[PATCH V7 5/9] drm/amdgpu: Update amdgpu_job_timedout to check if the ring is guilty

<jesse.zhang@xxxxxxx> · Thu, 13 Feb 2025 13:47:11 +0800

From: "Jesse.zhang@xxxxxxx" <Jesse.zhang@xxxxxxx>

This patch updates the `amdgpu_job_timedout` function to check if
the ring is actually guilty of causing the timeout. If not, it
skips error handling and fence completion.

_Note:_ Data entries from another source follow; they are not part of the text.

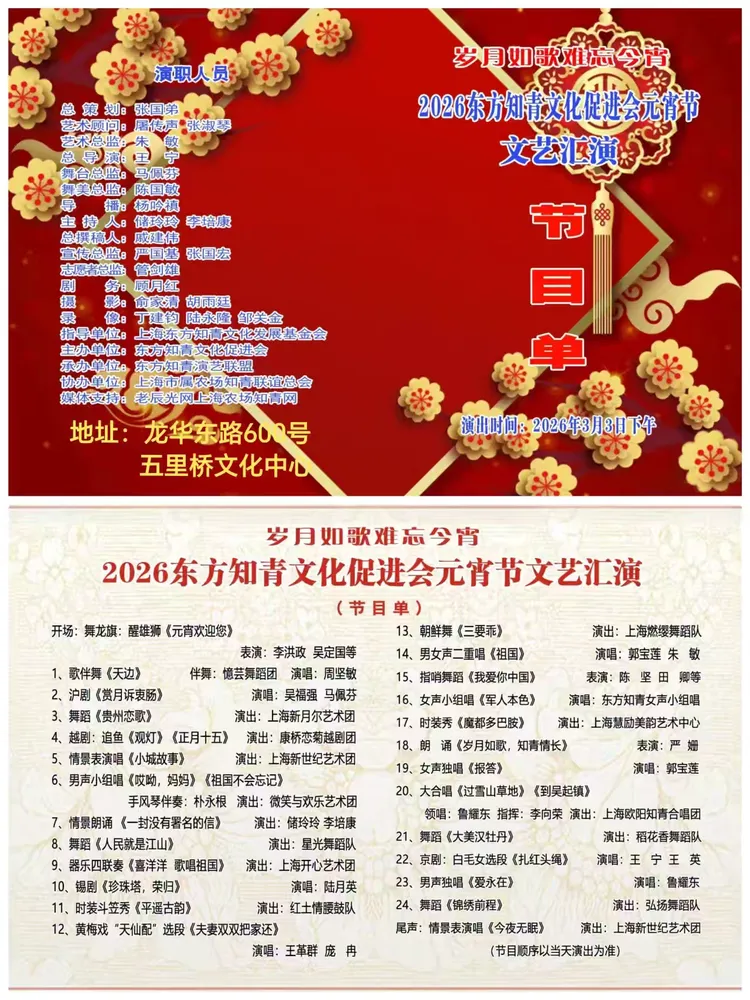 ![]() 沁园春 元宵节知青欢聚 张国洪 灯火元宵,汇演知青,集聚馨园。 忆边陲岁久,锄云种月;荒郊路远,踏雪披烟。 霜鬓重斟,推杯换盏,歌舞樽前兴浩然。 凝眸处,有烛光摇曳,笑靥生莲。 今朝双喜相连,更晩宴、同开寿席筵。 看糕推锦绣,声飞梁栋;语倾祝福,情满山川。 暖意融融,患难情谊,总在相逢一笑间。 良辰美,愿长如此景,永驻心田。 ![]() 灯火映元宵,情谊暖人心。2026年元宵佳节,东方知青文化促进会元宵节晚宴在宜山路馨乐园温情启幕。来自各艺术团体的百五十位知青朋友欢聚一堂,以歌寄情、以酒言欢,在团圆的灯火里,共赴一场跨越岁月的重逢之约。 晚宴由熊诗珍、管剑雄联袂主持,沉稳而亲切的开场白,瞬间拉近了彼此的距离。舞台总监马佩芬首先登台,深情转达张国弟会长对全体知青朋友的诚挚谢意与元宵佳节的美好祝福。一句句问候,饱含着对知青群体的牵挂;一声声祝愿,凝聚着对岁月同行的珍视。随后,张国弟会长的老战友狄龙登台致辞,话语间满是岁月沉淀的深情,忆往昔峥嵘岁月,话今朝情谊绵长,真挚的感言与祝福,打动了在场每一位老友,掌声经久不息。 更添暖意的是,今夜恰逢本次活动协办方——上海市属农场知青联谊总会李凤吾会长的生日。全场在主持人的提议下,在《生日快乐》的音乐声中,一个精心准备的特制生日蛋糕缓缓推上舞台,为这场元宵团圆宴,平添了一份意外的温情与惊喜。烛光点点,映着满场真诚的笑脸,大家不约而同地起身,齐声唱响生日歌,歌声真挚而热烈,饱含着知青兄弟间最朴素的祝福。李凤吾会长在掌声与祝福中许下心愿,这一刻,元宵的团圆与生日的喜悦相融,知青情谊在温暖的仪式中愈发醇厚。 馨乐园内,暖意融融。佳肴飘香,酒杯轻碰,推杯换盏间,是久别重逢的欣喜,是岁月沉淀的默契。知青朋友们围坐一席,谈过往、话今朝,那些扎根乡土的青春记忆,那些风雨同舟的患难情谊,在笑语中缓缓流淌。各艺术团体的老友们更是兴致盎然,载歌载舞,用嘹亮的歌声、灵动的舞姿,诉说着对生活的热爱,演绎着知青人永不褪色的风采。歌声与笑声交织,温情与暖意相融,没有生疏的隔阂,只有家人般的亲切。 岁月如歌,青春无悔;今宵难忘,情谊长存。从青葱少年到鬓染霜华,知青二字,是刻在骨子里的印记,是融在血脉里的情缘。这场元宵晚宴,不仅是节日的团圆,更是岁月的重逢,是一代人精神与情谊的相守。 夜色渐浓,欢歌未歇。百五十人同聚,共品佳肴、共话情谊、共庆佳节,在馨乐园的温馨氛围里,度过了一个难忘而美好的元宵之夜。今宵的歌声与欢笑,将化作岁月里的温暖印记,镌刻在每一位知青朋友的心中;这份跨越时光的知青情,亦如陈年老酒,历久弥香,岁岁绵长。 以下是晚宴开始 ![]() 主持人:熊诗珍、管剑雄 ![]() 舞台总监马佩芬转达了张国弟会长的谢意和祝福。 元宵佳节演出圆满成功,致敬每一位默默付出的你 元宵佳节,灯火璀璨,五里桥文化活动中心的文艺演出圆满落下帷幕。现场掌声阵阵、暖意融融,每一份精彩与感动,都离不开全体人员的同心协力、辛苦付出。 一场成功的演出,既有台前意气风发、深情演绎的表演者,也有幕后默默坚守、细致周全的工作人员。从精心筹备、反复排练,到现场调度、秩序维护,大家不计辛劳、全力以赴,用责任与热爱撑起了整场演出的顺利运转。 正是这份无私的坚守与并肩的默契,让元宵之夜格外温暖,让文艺之光格外动人。衷心感谢每一位台前幕后的参与者、奉献者,感谢大家的全力以赴与默默守护! 愿我们同心同行、在张会长的带领下,再接再厉,未来共创更多美好时刻! 马佩芬 ![]() 张国弟会长的老战友狄龙登台致辞 ![]() ![]() 上海市属农场知青总会李凤吾会长的生日 ![]() ![]() ![]() ![]() ![]() ![]() ![]() (责任编辑:铁滨) (责任编辑:铁滨) |
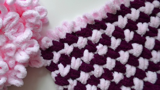 Узор "Плетенка" в два цвета из Alize Puffy. Как рассчитать количество мотков на плед.
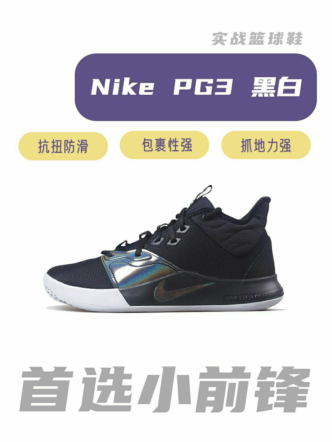小前锋球鞋推荐 1.Nike PG 1 BLACK TIE 黑色 实战篮球鞋 PG1前掌zoom 后掌没有气垫 重心偏高 落地后掌会震脚 鞋底纹路抓地力很强,适合小前锋 2.Nike PG 3 EP lridescent 黑白 实战篮球鞋 抗扭 脚感 鞋面包裹 稳定性这些性能都是可以的 小前锋可以首选 3.PUMA Clyde all Pro “Lakers”实战篮球鞋 包裹感很好 很贴合 重量...
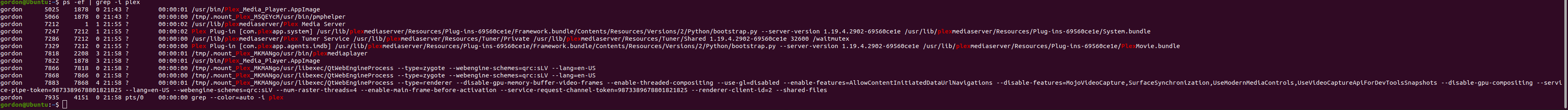 gordon 7822 1878 3 21:58 ? 00:00:01 /usr/bin/Plex_Media_Player.AppImage
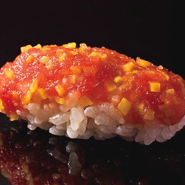 @東京カレンダー 東京カレンダー: 黄色の宝石がちりばめられたようなルックスに見惚れる「おはぎ」は、トロとタクアンを叩くいわゆる「トロタク」だが、海苔は使わず握るのが『松栄』流。 食べれば濃厚なト… 2019-05-07 黄色の宝石がちりばめられたようなルックスに見惚れる「おはぎ」は、トロとタクアンを叩くいわゆる「トロタク」だが、海苔は使わず握るのが『松栄』流。 食べれば濃厚なトロの甘みとタクアンの食感に思わずうっとり! #東京カレンダー #東カレ #tokyocalendar #寿司 #鮨 #恵比寿 #松栄 #おはぎ Ciao, Nihon.
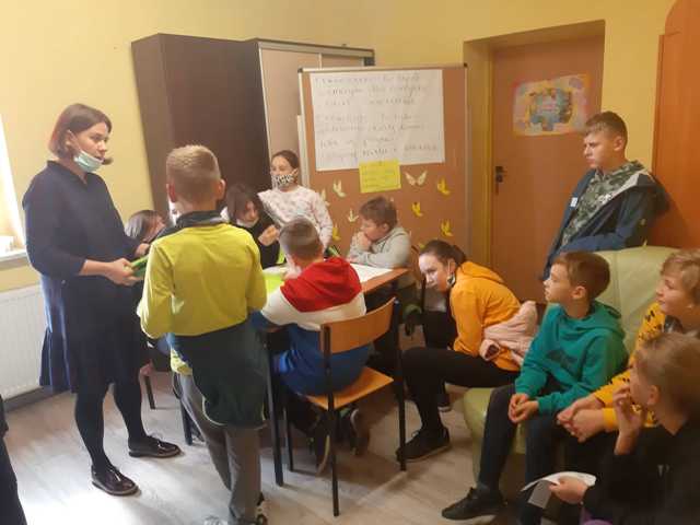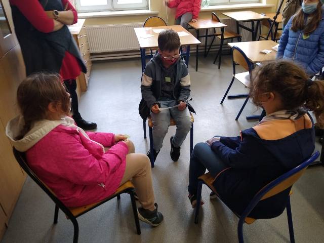- Mediacja – stację prowadziła pedagog Magda Gałuszka, uczniowie przypomnieli sobie znaczenie słowa mediacja, poznali podstawowe zasady mediacji i odgrywali scenkę mediacyjną.
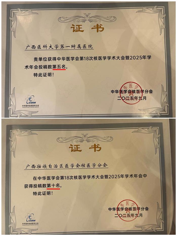 据了解,作为广西地区主委单位,我院充分发挥引领作用,积极统筹、鼓励学者踊跃投稿,最终带领广西核医学在全国投稿量排名中脱颖而出,荣获全国投稿数第10名(按省份排名)以及我院荣获全国投稿数第5名(按单位排名)。
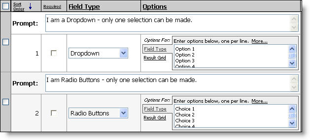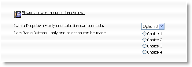 Dropdown & Radio Buttons - Use either to supply pre-defined choices for a single response. The Dropdown is best used with more than 2 options and the Radio Buttons are best used with less than 5 options.
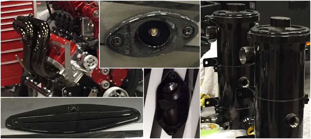 Peter told us he now has the ability to apply a coating in a wide array of colors that represent a finish similar to translucent, and in the case of Pure Platinum black chrome or black Nickel type of finish. The finish has a temperature range far greater than an ordinary painted surface and the durability is like nothing any of us have ever seen to in a non-cooked or powder coated finish.
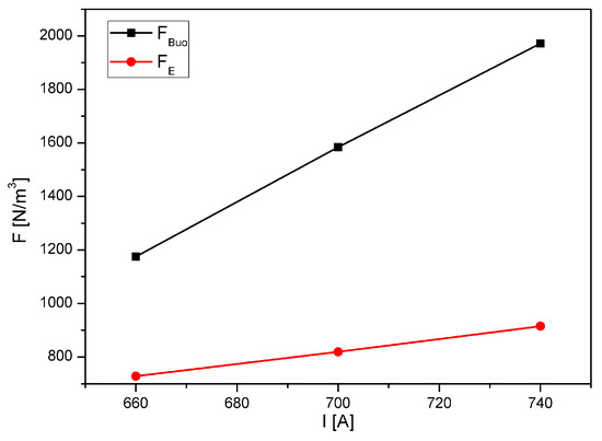 3.2. Distribution of the Buoyancy and Electromagnetic Force
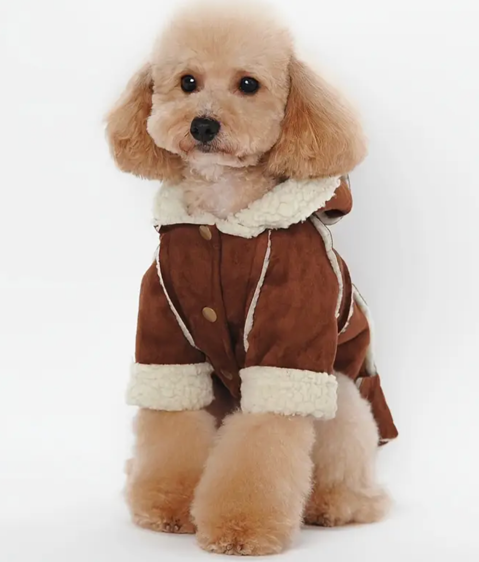 Keep your small dog warm and stylish with this cozy British-style thickened jacket. Featuring a soft fleece lining and a convenient hood, it offers excellent insulation against cold weather. The snap closure ensures a secure fit, while the charming brown and white accents add a classic touch.
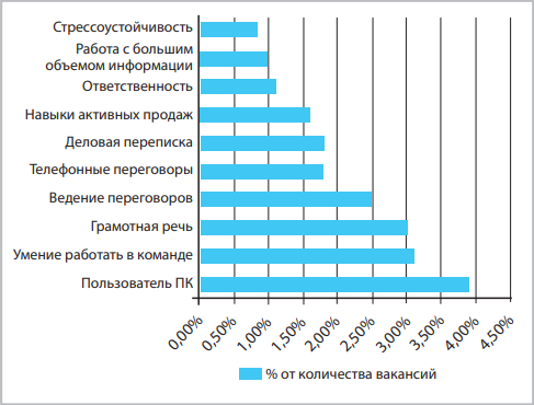 По мнению портала hh.ru востребованы такие soft skills, как деловое общение, грамотность, клиентоориентированность, работа с большим объемом информации, умение работать в команде. Среди hard skills (профессиональные и технические компетенции) работодатели наиболее часто отмечают знание английского языка, владение ПК, поиск информации в интернете, наличие водительского удостоверения, знание PowerPoint, а также работу с оргтехникой (рис. 1, 2).
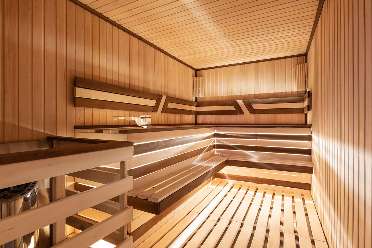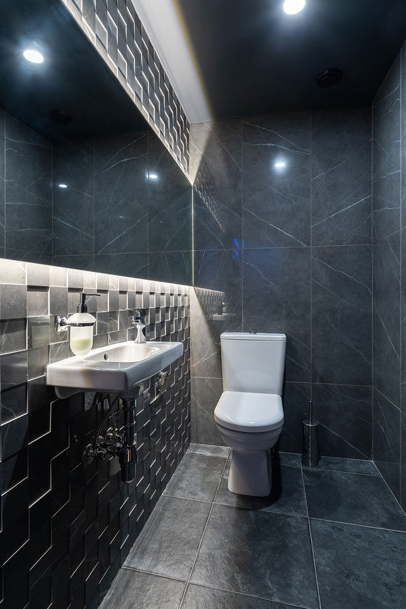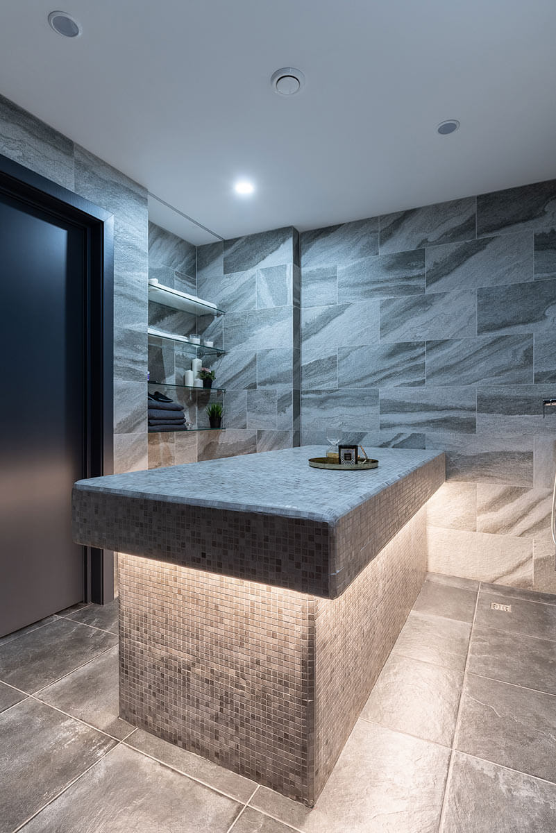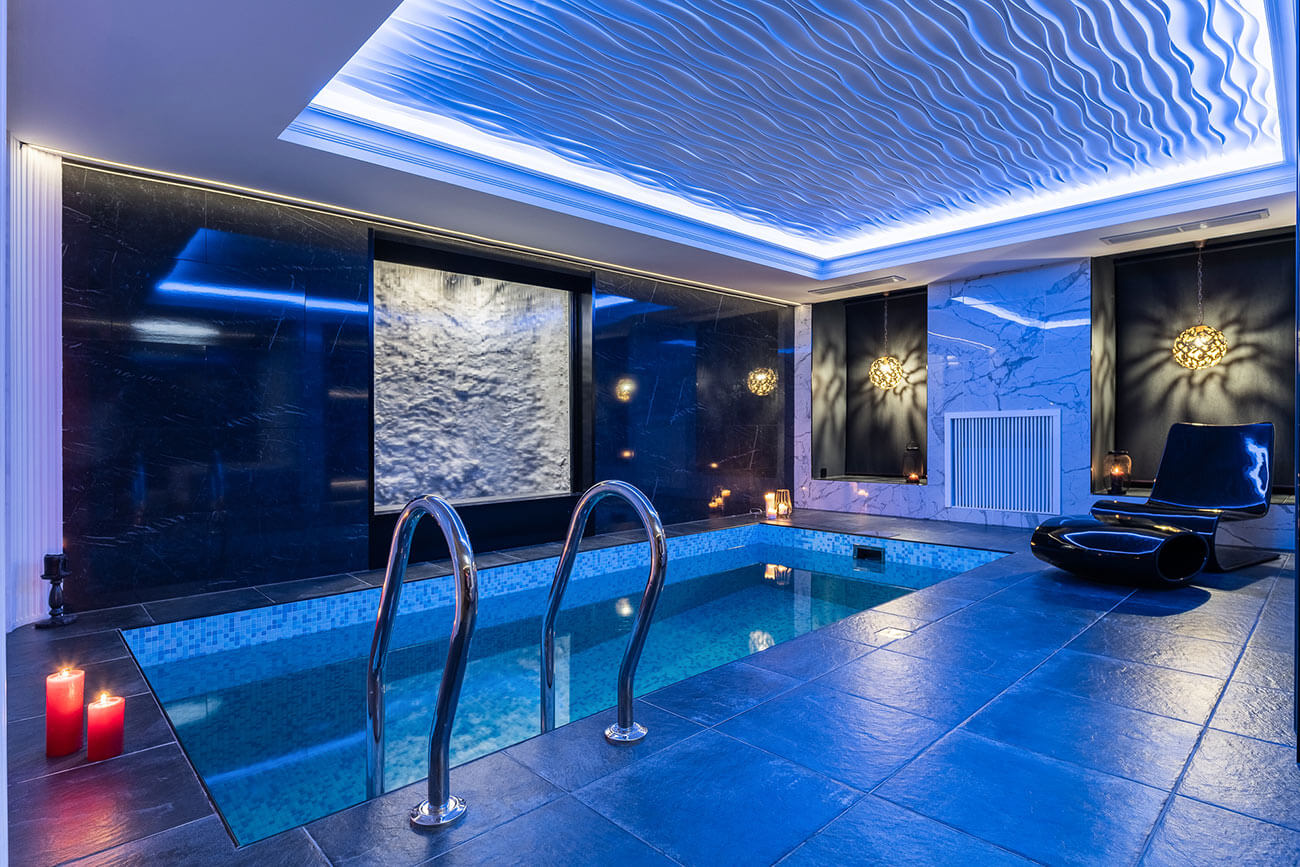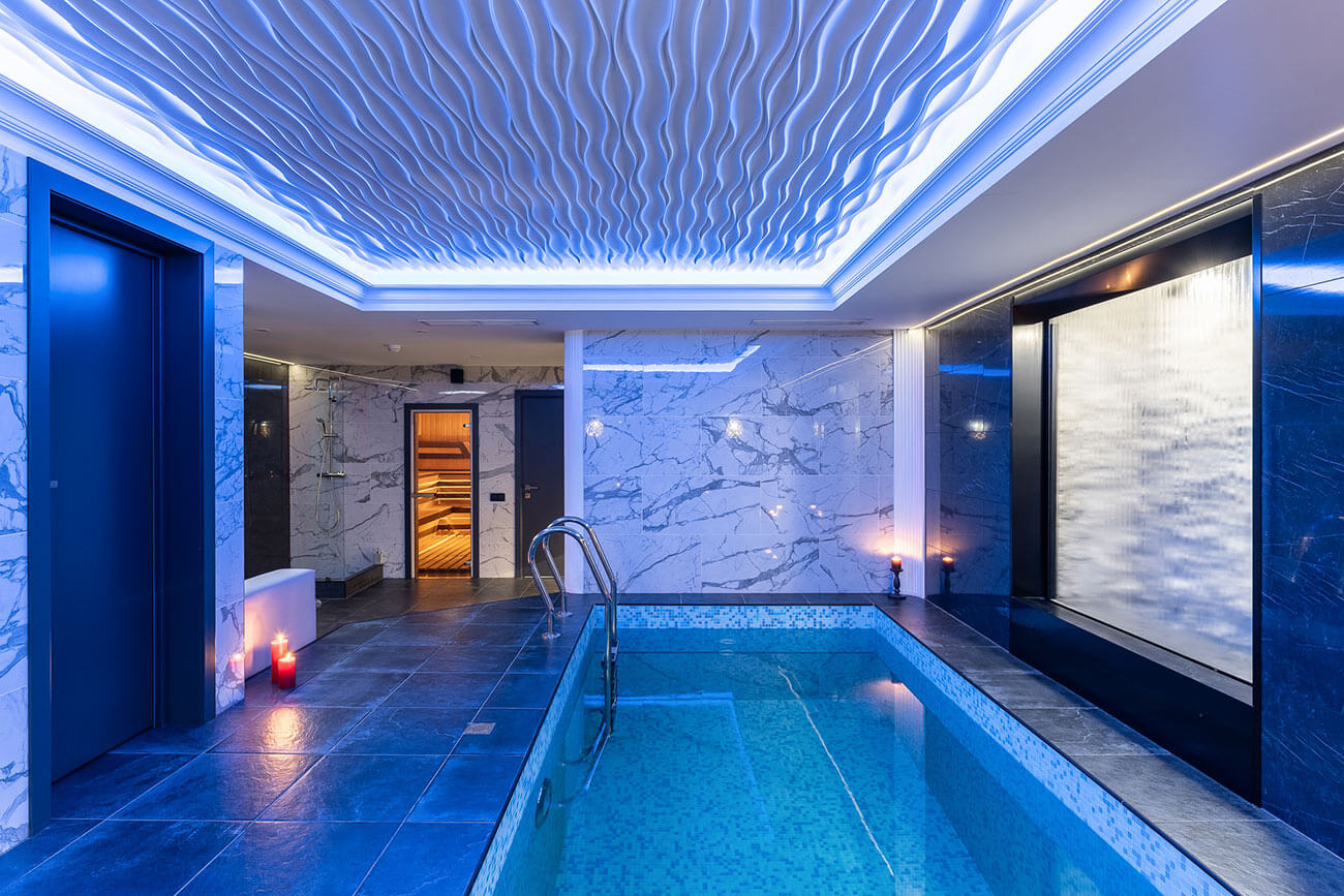 Для создания различной атмосферы зона бассейна имеет сложную систему освещения — здесь и димируемая цветная подсветка фактурного потолка, изменением цвета которого перекрашивается все помещение, подвесной свет в окнах, линии света вдоль стен бассейна и зоны отдыха. Все это позволяют создавать разные световые сценарии в интерьере, от полумрака пещеры до яркого света, акцентирующего ключевые зоны интерьера.

Suggested-by: Alex Deucher <alexander.deucher@xxxxxxx>
Signed-off-by: Jesse Zhang <jesse.zhang@xxxxxxx>
---
 drivers/gpu/drm/amd/amdgpu/amdgpu_job.c | 10 ++++++++++
 1 file changed, 10 insertions(+)

diff --git a/drivers/gpu/drm/amd/amdgpu/amdgpu_job.c b/drivers/gpu/drm/amd/amdgpu/amdgpu_job.c
index 100f04475943..f94c876db72b 100644
--- a/drivers/gpu/drm/amd/amdgpu/amdgpu_job.c
+++ b/drivers/gpu/drm/amd/amdgpu/amdgpu_job.c
@@ -101,6 +101,16 @@ static enum drm_gpu_sched_stat amdgpu_job_timedout(struct drm_sched_job *s_job)
 		/* Effectively the job is aborted as the device is gone */
 		return DRM_GPU_SCHED_STAT_ENODEV;
 	}
+	/* Check if the ring is actually guilty of causing the timeout.
+	* If not, skip error handling and fence completion.
+	*/
+	if (amdgpu_gpu_recovery && ring->funcs->is_guilty) {
+		if (!ring->funcs->is_guilty(ring)) {
+			dev_err(adev->dev, "ring %s timeout, but not guilty\n",
+				s_job->sched->name);
+			goto exit;
+		}
+	}
 
 	/*
 	 * Do the coredump immediately after a job timeout to get a very
-- 
2.25.1